You can click Select next to the text box and select an MRS cluster in the same project and enterprise project. If you want to access an MRS cluster in another project or enterprise project, obtain and enter the floating IP address of MRS Manager and ensure that the connection's agent (CDM cluster) can communicate with the tenant-plane MRS cluster. To obtain the floating IP address of MRS Manager, log in to the active master node of the MRS cluster and run the ifconfig command. In the command output, the IP address of eth0:wsom is the floating IP address of MRS Manager. For details about how to log in to the master node of the MRS cluster, see Logging In to an ECS.

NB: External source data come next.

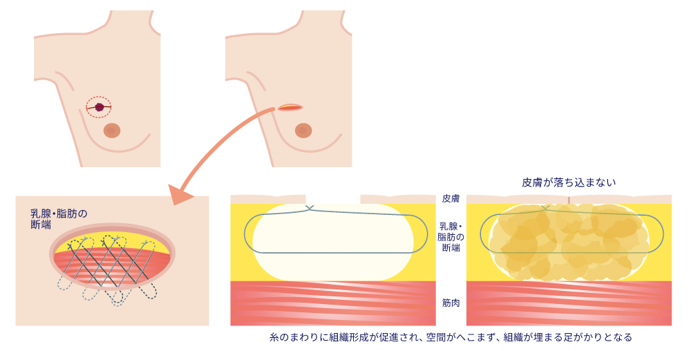 またそのすき間には組織液が貯留し、縫合糸を足場に組織形成が促進され、すき間が結合織・脂肪組織に置き換わり乳房が元の形態を保ちやすくなります。切開の追加や組織の移動を必要としないので患者さんにも優しい手術です。
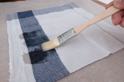 Den Baumwollstoff lege ich auf einem Backpapier aus und bepinsel ihn gleichmässig mit der Wachsmischung. Da diese relativ schnell fest wird, musst du zügig arbeiten. Das Bestreichen muss nicht perfekt sein, das ist auch kaum möglich. Es soll einfach auf der ganzen Fläche verteilt sein. Und zwar nur einseitig. Die Baumwolle zieht die Flüssigkeit so gut auf, dass sie gleich durchzieht.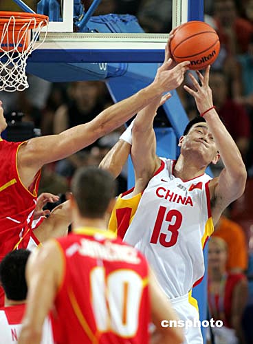 愈戰愈勇的西班牙隊在最后一節比賽中依然延續了瘋狂的進攻,將比分差距進一步擴大。中國隊換上巴特爾和姚明雙塔,但場上形勢仍無改觀,在比賽還剩下最后四分鐘時,加索爾又一次在姚明頭上扣籃,裁判判姚明阻擋犯規,五次犯規的姚明無奈地走出場外。徹底失去希望的中國隊最終以五十八比八十三告負。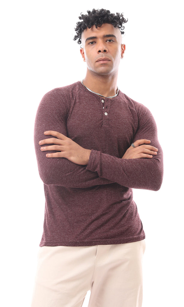 R213750 - Long Sleeves Solid Buttoned Henley Shirt - Black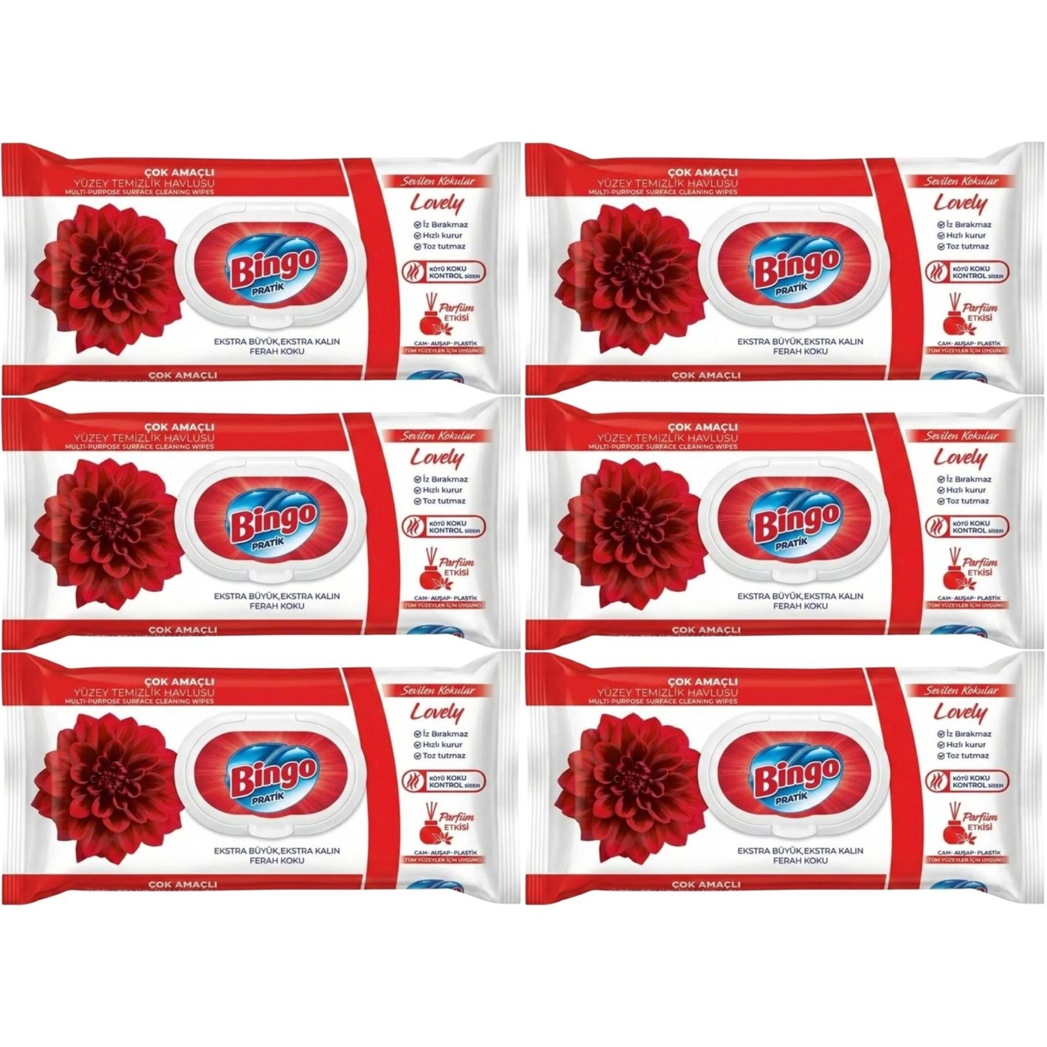Bingo Clean Yüzey Temizlik Havlusu 96 Yaprak Sevilen Kokular Lovely - Gül (6 Lı Set) 576 Yaprak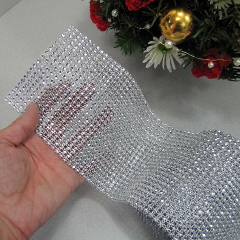 Although it looks like rhinestones, this is actually dimpled plastic with a metallic sheen. It can easily be cut and is impervious to water damage.

Enter multiple IP addresses based on the scenario in sequence and separate them with commas (,), for example, 127.0.0.1 or 127.0.0.1,127.0.0.2,127.0.0.3.
  • If you enter one IP address, enter the management-plane floating IP address of the MRS cluster.
  • If you enter three IP addresses, enter the IP address of the active node on the MRS cluster service plane, IP address of the standby node on the MRS cluster service plane, and the floating IP address of the MRS cluster management plane.

MRS Cluster Name

Yes

This parameter is mandatory when MRS API connection is selected for Connection Type or Cluster Name Mode is selected for Manual.

The name of the MRS cluster. Select an MRS cluster that Hive belongs to. Only MRS clusters are supported. A Hadoop cluster can be selected only after it is managed by MRS. All the MRS clusters with the same project ID and enterprise project are displayed.
NOTE:
  • When connecting to a component of the MRS cluster, you need to enable the port of the component in the outbound rule of the security group of the MRS cluster. For details about the port of each component, see Common Ports for MRS Cluster Services.
  • DataArts Studio does not support MRS clusters whose Kerberos encryption type is aes256-sha2,aes128-sha2, and only supports MRS clusters whose Kerberos encryption type is aes256-sha1,aes128-sha1.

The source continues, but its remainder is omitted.